=== DATA EXCERPT ===
=-=-=

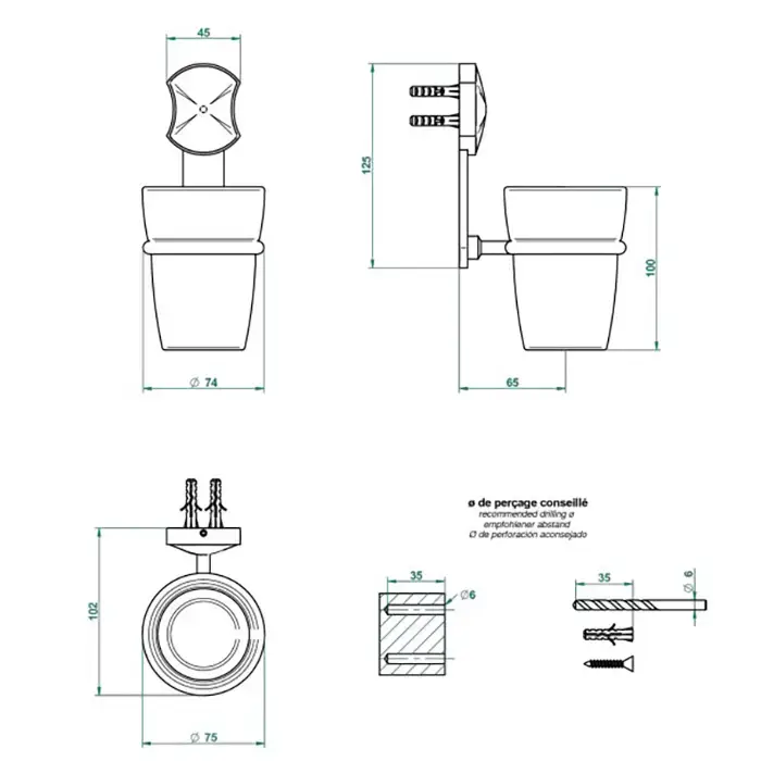 THG Infini white porcelain Стакан стеклянный, подвесной, цвет: хром
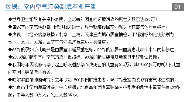说到健康绿色生活,大家首先会想到环保低碳的生活方式或是绿色健康的饮食等等,其实不然。健康绿色生活还包括了纯净、健康的室内生活环境。我们绝大部分时间都在室内度过,室内的空气环境若遭受家装污染,对于人体的损害极大。轻则引起头晕、头痛、胸闷等症状,重则引发再生障碍性贫血、肺癌等重大疾病。
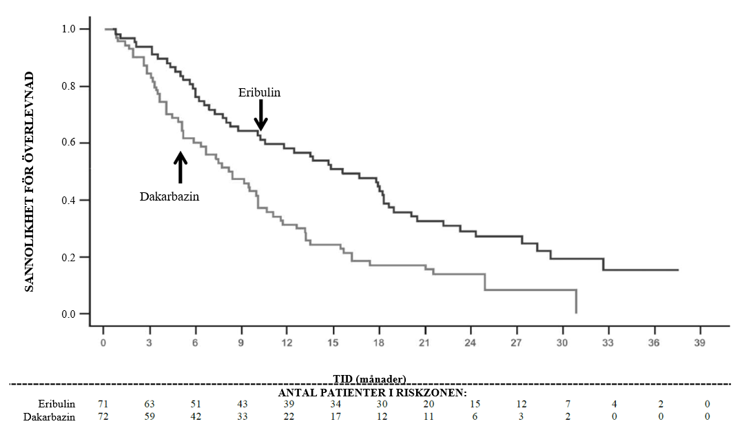 I studie 309 sågs en statistiskt signifikant förbättring av total överlevnad (OS) hos patienter som randomiserats till eribulinarmen jämfört med kontrollarmen. Detta översattes till en förbättring på 2 månader av median-OS (13,5 månader för eribulinbehandlade patienter mot 11,5 månader för dakarbazinbehandlade patienter). Det fanns ingen signifikant skillnad i progressionsfri överlevnad eller total svarsfrekvens mellan behandlingsarmarna i den totala populationen.

=-=-=

=== TASK TO COMPLETE ===
Print only the lines from the line that contains "说到健康绿色生活,大家首先会" to the final line of the data, inclusive. Pictures stay out.

=== ANSWER FOR THIS EXERCISE ===
说到健康绿色生活,大家首先会想到环保低碳的生活方式或是绿色健康的饮食等等,其实不然。健康绿色生活还包括了纯净、健康的室内生活环境。我们绝大部分时间都在室内度过,室内的空气环境若遭受家装污染,对于人体的损害极大。轻则引起头晕、头痛、胸闷等症状,重则引发再生障碍性贫血、肺癌等重大疾病。
 I studie 309 sågs en statistiskt signifikant förbättring av total överlevnad (OS) hos patienter som randomiserats till eribulinarmen jämfört med kontrollarmen. Detta översattes till en förbättring på 2 månader av median-OS (13,5 månader för eribulinbehandlade patienter mot 11,5 månader för dakarbazinbehandlade patienter). Det fanns ingen signifikant skillnad i progressionsfri överlevnad eller total svarsfrekvens mellan behandlingsarmarna i den totala populationen.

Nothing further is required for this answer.